(Stored records)
Start of Block

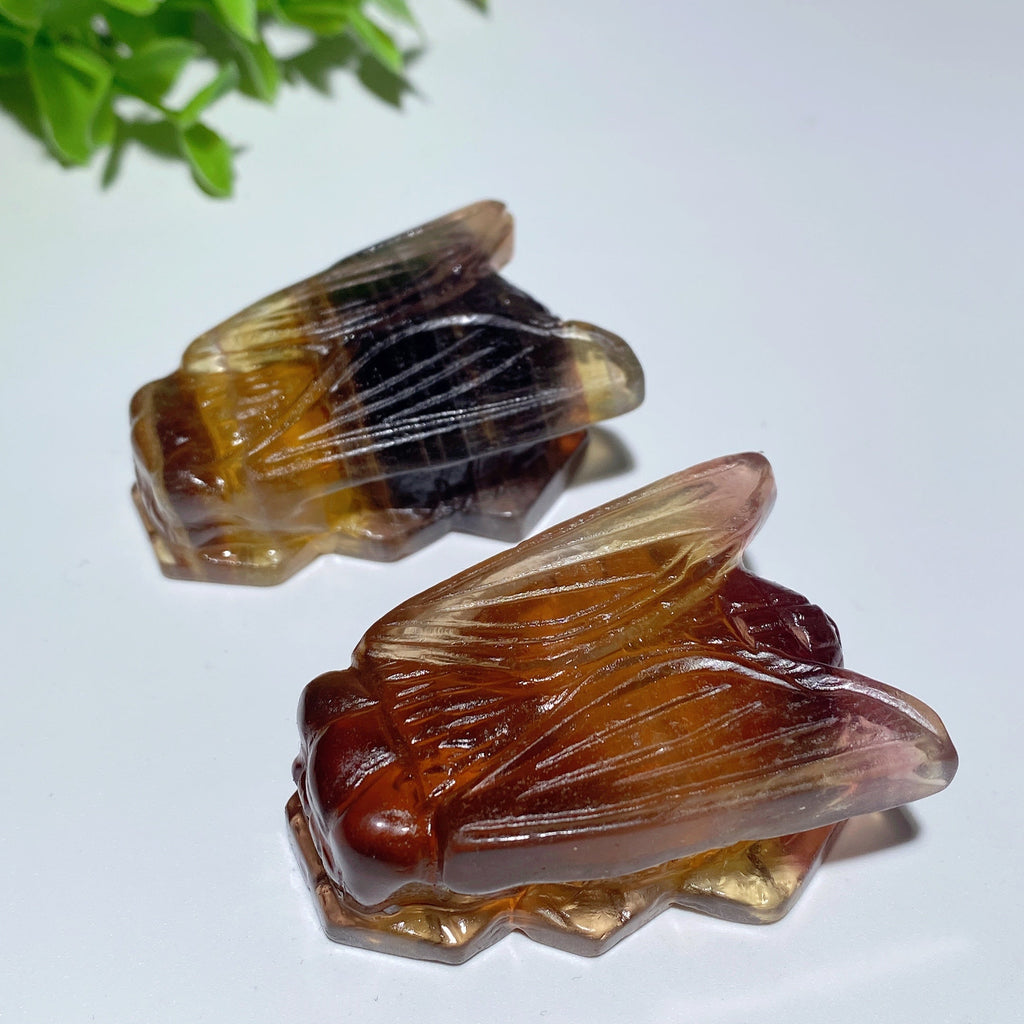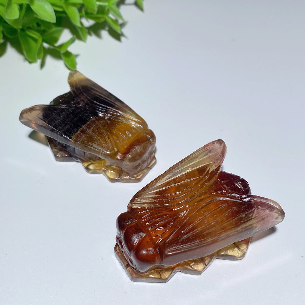 Diese von erfahrenen Kunsthandwerkern sorgfältig gefertigte Schnitzerei offenbart die natürliche Schönheit des Fluorits und verkörpert gleichzeitig die symbolische Kraft des Geistertiers Zikade. Die glatte, polierte Oberfläche verstärkt die natürliche Lichtdurchlässigkeit des Steins und lässt das Licht durch seinen goldgelben Körper tanzen.
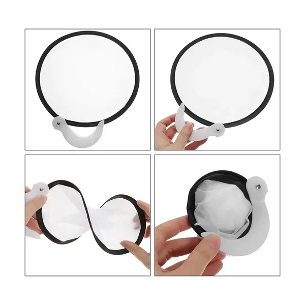 This full-color 8" D foldable chill fan can be twisted into 4". You can display logos or images on both fan and pouch. There is a handle for a better grip and easier fanning away hot flashes in summer. Perfectly for sporting events, concerts, festivals, and other shows and events.
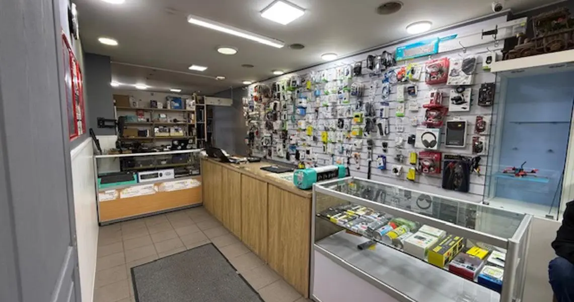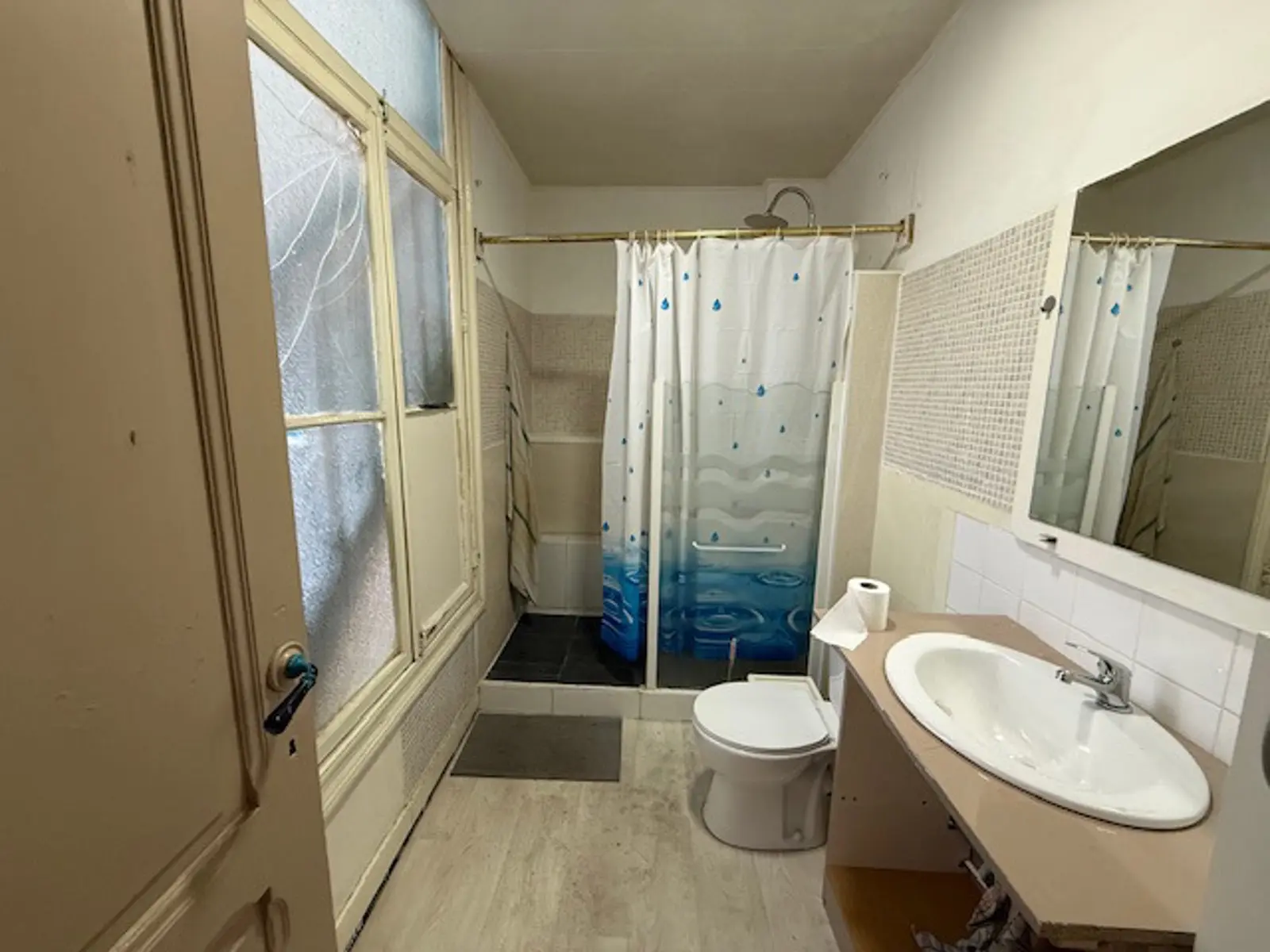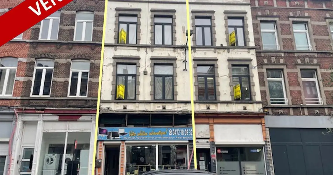 Rez-de-chaussée commercial : atelier vente (40m²) vente et réparation informatique, 2 pièces arrière (20m² + 16m²), wc individuel.
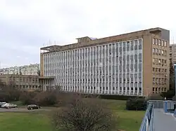 ![]() Pohled na čelní stranu polikliniky (s hlubokým rizalitem, patrnou střešní terasou a střešním pavilonem) | |
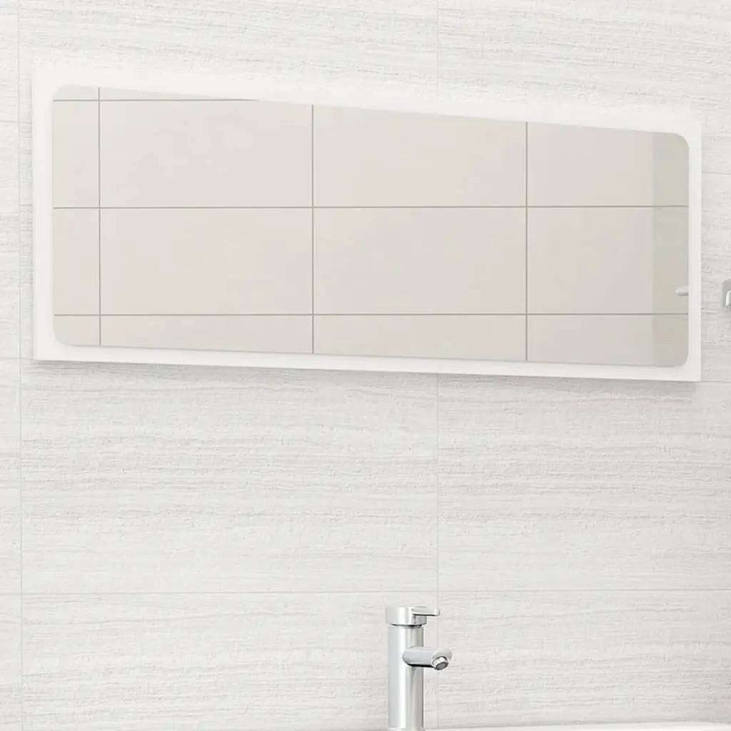 This White Rectangular Bathroom Mirror is all about style and function. At 39.4 x 0.6 x 14.6 in, it has a lovely smooth surface that reflects your surroundings beautifully, making it a great pick for both tiny and large spaces, while also lifting the overall vibe with its contemporary look. Smart Finish: The matte white finish of the mirror looks great in modern bathrooms and adds a touch of elegance.Spacious Reflective Area: The 39.4 in length provides wide reflections, which are essential for grooming and makeup tasks.Durable Build: Made from engineered wood and acrylic for long-lasting wear.Easy to Install: Comes designed for wall mounting with two secure points, making it a breeze to fit into any bathroom.Subtle Semi-Opacity: The semi-opaque quality introduces a unique element to its design while keeping reflectivity.
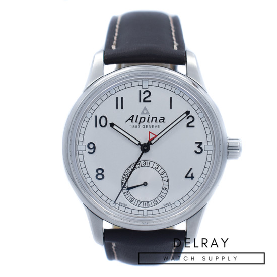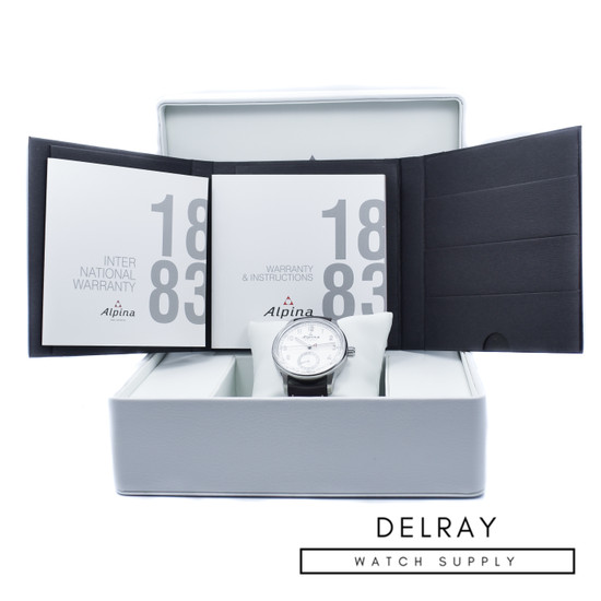 The watch comes shipped fully insured for free to the US, international orders are also welcome- please contact for more details. I am truly here to help. Thank you! John PLEASE SEE OUR WEBSITE FOR MORE IMAGES OR TO CHECKOUT. $1199 Brand: Alpina Model Name: Alpiner Reference: AL-710S4E6 Condition: Pre-Owned. Very Good Condition. Shows light signs of wear. Strap: Calf- Used Case Size: 41.5mm Case Metal: Stainless Steel Movement: Automatic Functions: Time, Date Box and Papers: Yes. Both Box and Papers. *CERTIFIED 100% AUTHENTIC - ALL WATCHES ARE GUARANTEED TO BE 100% AUTHENTIC. ![]() ![]() |
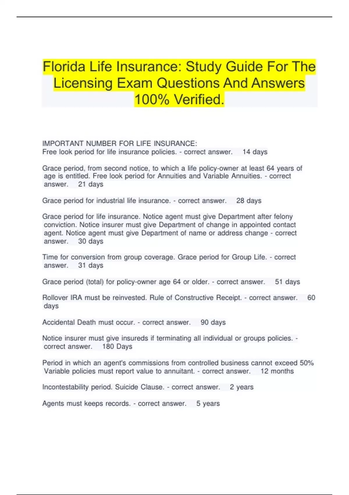 Florida Life Insurance: Study Guide For The Licensing Exam Questions And Answers 100% Verified.

End of Block

Only one stretch of the data is wanted: write out exactly the lines from the one holding "Rez-de-chaussée commercial : atelier" through the one holding "This White Rectangular", both included, without the pictures.

 Rez-de-chaussée commercial : atelier vente (40m²) vente et réparation informatique, 2 pièces arrière (20m² + 16m²), wc individuel.
 ![]() Pohled na čelní stranu polikliniky (s hlubokým rizalitem, patrnou střešní terasou a střešním pavilonem) | |
 This White Rectangular Bathroom Mirror is all about style and function. At 39.4 x 0.6 x 14.6 in, it has a lovely smooth surface that reflects your surroundings beautifully, making it a great pick for both tiny and large spaces, while also lifting the overall vibe with its contemporary look. Smart Finish: The matte white finish of the mirror looks great in modern bathrooms and adds a touch of elegance.Spacious Reflective Area: The 39.4 in length provides wide reflections, which are essential for grooming and makeup tasks.Durable Build: Made from engineered wood and acrylic for long-lasting wear.Easy to Install: Comes designed for wall mounting with two secure points, making it a breeze to fit into any bathroom.Subtle Semi-Opacity: The semi-opaque quality introduces a unique element to its design while keeping reflectivity.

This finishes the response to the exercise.